- F-measure: Should I sum the quantities (i.e., TP, FP, FN) over the N x K runs and compute F-measure using these sums?
Yes! Calculate one f1 for each run of cross-validation and average over the N
runs. This is also a great opportunity to see the difference between this approach and calculating f1 for each fold and averaging over different folds differ from each other.
- For accuracy, should we sum the accuracy for each of the N x K runs and simply take their average for the overall estimate?
Also Yes! Good approach. In applications, it is sometimes not about being 100% correct but applying methods and techniques according to their ease of use.
However, whenever you are reporting the mean, please also report the variance or the standard deviation.
I think if the folds are of equal size, then both methods 1 and 2 will give the same mean value (or very similar if the folds are only of approximately the same size).
Personally I would tend to use the first method, because I then also have sensible estimate of the variance of the performance metric, which means I can then estimate whether a difference in performance between two models is at least statistically significant.
To expand a bit more on that, say you have two models $M_1$ and $M_2$, then you can use cross-validation to estimate the performance of each method and pick the best one. However, if you split the data into folds in a different way (different random seed) then the performance estimates are likely to be different, and could even be different enough for the ranking of the two models to be reversed. So we would like some method to see if the difference in performance is large compared to the difference caused by the random partitioning of the data to form the folds. We can do that for method 1, as we have a performance estimate from each fold, which differ only in the partitioning of the data. So the variance of those estimates is measuring that variability. For the second method, we only have one performance estimate, so we have no corresponding estimate of the uncertainty due to the sampling of the data to form folds. This is an excellent reason to use method 1 rather than method 2.
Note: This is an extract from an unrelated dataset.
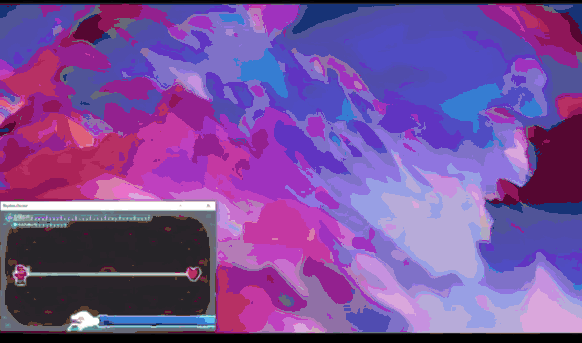 这些打差评的玩家还没能感受到之后关卡的可怕,第二幕 BOSS 关卡中,游戏窗口直接被缩小,中期不断在玩家的电脑屏幕中颤抖、游动、闪现,到了最后游戏窗口干脆横着跑了起来,画面干扰性极强。因此,许多玩家参透了游戏过关奥秘——闭着眼睛玩,不过到了第三幕,闭着眼睛也无济于事了,因为节拍不同、有缺失的音轨被增加到了三条。

Note the variance discussed in the previous section is not the variance we would see if we had a completely new training set and new test set. The variance of the cross-validation is likely to be optimistically narrow because the training sets in each fold are not independent, but share some examples (and the test data in some folds are in the training sets of others, so that isn't completely independent either). This lack of independence has an impact on estimating the uncertainty of the performance estimate, see [Nadeau and Bengio (2003)]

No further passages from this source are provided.